The Australian Competition and Consumer Commission (ACCC) is the key regulator of the CDR Legislation and is supported by the Office of the Australian Information Commissioner (OAIC) and other regulators.
The CDR Legislation applies to the banking sector by the use of a ministerial legislative instrument. When it's talking about data held by a bank, it is commonly referred to as, "Open Banking".
You can find more information and FAQs on Open Banking and what it means for you on our website.
What does this CDR Policy do?
This CDR Policy explains how we manage your CDR Data, including how you can seek access to, authorise a transfer of, and correct CDR Data that we hold about you.
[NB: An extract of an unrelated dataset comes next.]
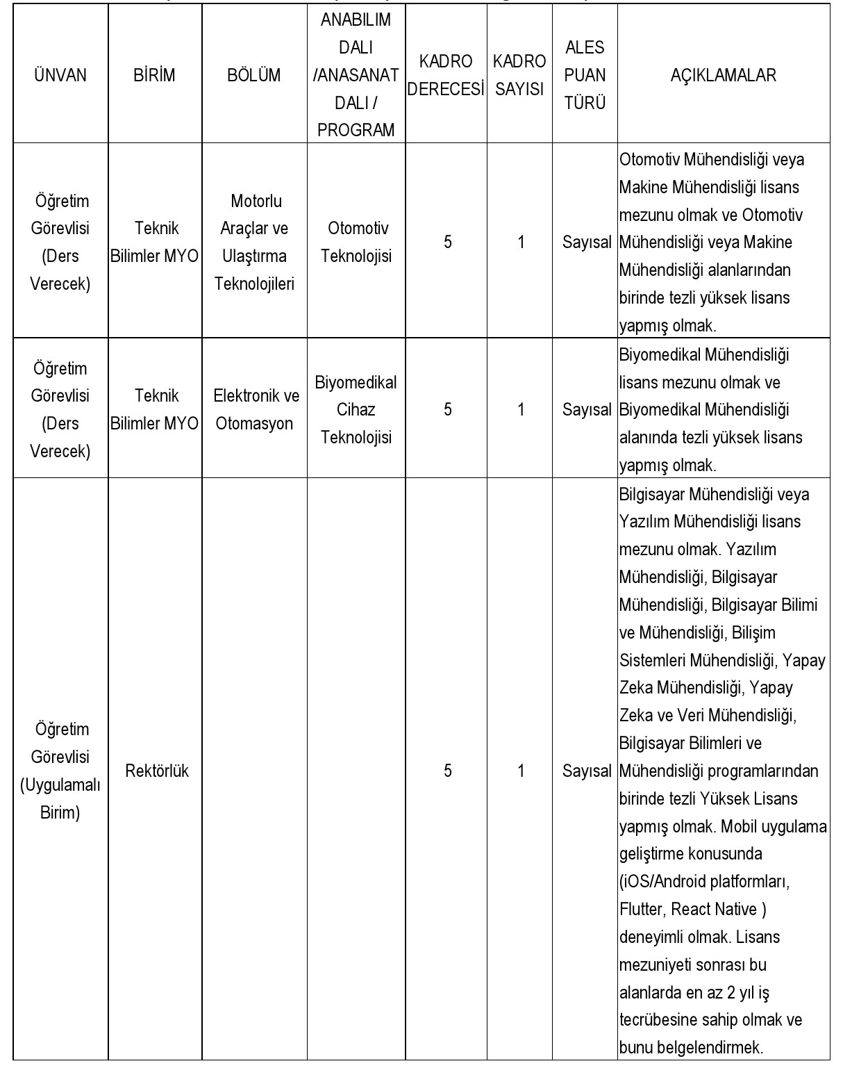 AKADEMİK PERSONEL ALIM İLANI (Profesör, Doçent ve Doktor Öğretim Üyesi)

It also explains how you can make a complaint about how we handle your CDR Data.
This CDR Policy and all updates are available on our website, via our HSBC Mobile Banking App, and any online service where you ordinarily deal with us. At your request, we can also provide a copy of the latest version of this policy to you electronically or in hard copy, whichever you prefer. You will always find the most up-to-date version on our website.
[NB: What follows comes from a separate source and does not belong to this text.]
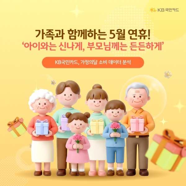 KB국민카드(사장 김재관)에 따르면 2026년 5월 가정의 달을 맞아 소비 트렌드 변화를 살펴보기 위해 최근 3년간 5월 주요 기념일을 중심으로 신용카드 및 체크카드 소비 데이터를 분석했다.

This CDR Policy is provided under the CDR Legislation and applies to HSBC Bank Australia Limited (ABN 48 006 434 162) of Level 36, Tower 1, 100 Barangaroo Avenue Sydney, NSW 2000 Australia", "we", "us" and "our" in this CDR Policy. HSBC Australia is currently a data holder under the CDR Legislation.
What is CDR Data?
CDR Data is a broad term that describes data which you might provide to HSBC Australia or which we might create when providing products and services to you, including your personal information (for example, information about you, or which identifies you), your use of any HSBC Australia's products or services (for example, transaction and account data) as well as product specific data about the particular HSBC Australia product or service provided (for example, the terms and conditions applicable to a HSBC savings account), together with other data that we hold which may be derived from any of the above.
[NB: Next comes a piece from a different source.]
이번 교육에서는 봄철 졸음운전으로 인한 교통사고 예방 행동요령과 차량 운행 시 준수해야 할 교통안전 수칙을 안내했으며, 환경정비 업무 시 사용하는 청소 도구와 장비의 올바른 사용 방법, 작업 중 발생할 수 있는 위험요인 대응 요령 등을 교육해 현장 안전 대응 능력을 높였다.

Under CDR Legislation, as a data holder, we are required to make available and share specified sets of data relating to our customers and our products and services. When the data relates to and identifies a customer (including you), it is referred to as Consumer Data. Data relating solely to our products and services and which does not relate to any customer (including you), is referred to as Product Data. Together, Consumer Data and Product Data comprise CDR Data.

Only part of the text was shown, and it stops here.